┌────────
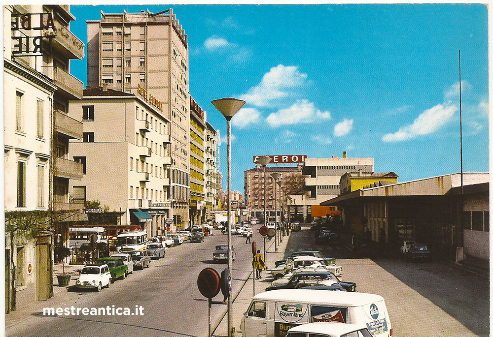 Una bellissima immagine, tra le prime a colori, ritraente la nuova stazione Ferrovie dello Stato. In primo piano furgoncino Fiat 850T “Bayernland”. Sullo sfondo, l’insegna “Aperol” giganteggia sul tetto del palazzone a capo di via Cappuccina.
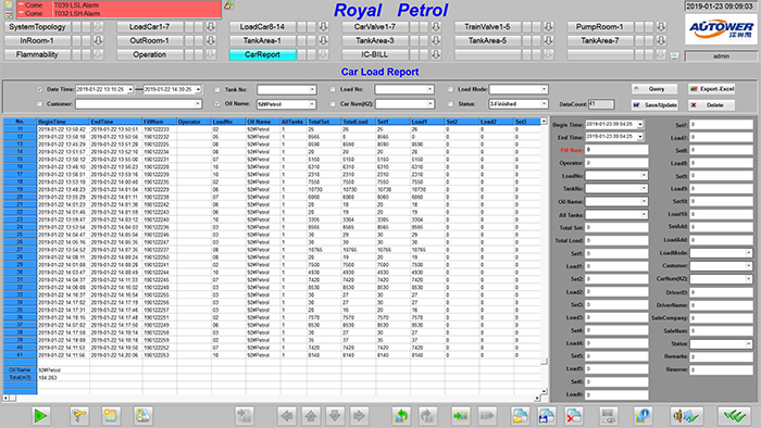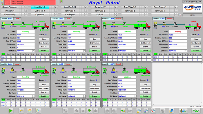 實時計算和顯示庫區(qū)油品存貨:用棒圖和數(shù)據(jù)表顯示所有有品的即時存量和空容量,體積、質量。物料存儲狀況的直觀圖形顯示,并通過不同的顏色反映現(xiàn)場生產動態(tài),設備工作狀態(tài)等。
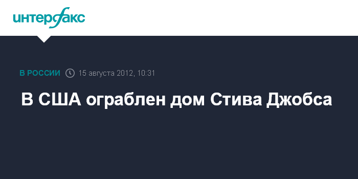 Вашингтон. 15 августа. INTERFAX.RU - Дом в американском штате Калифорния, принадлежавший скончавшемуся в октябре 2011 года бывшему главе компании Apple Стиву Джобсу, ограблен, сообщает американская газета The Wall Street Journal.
└────────
WORK TASK = Retype all of the material above precisely as it reads. Pictures are not part of the copy.

EXERCISE RESPONSE =
 Una bellissima immagine, tra le prime a colori, ritraente la nuova stazione Ferrovie dello Stato. In primo piano furgoncino Fiat 850T “Bayernland”. Sullo sfondo, l’insegna “Aperol” giganteggia sul tetto del palazzone a capo di via Cappuccina.
 實時計算和顯示庫區(qū)油品存貨:用棒圖和數(shù)據(jù)表顯示所有有品的即時存量和空容量,體積、質量。物料存儲狀況的直觀圖形顯示,并通過不同的顏色反映現(xiàn)場生產動態(tài),設備工作狀態(tài)等。
 Вашингтон. 15 августа. INTERFAX.RU - Дом в американском штате Калифорния, принадлежавший скончавшемуся в октябре 2011 года бывшему главе компании Apple Стиву Джобсу, ограблен, сообщает американская газета The Wall Street Journal.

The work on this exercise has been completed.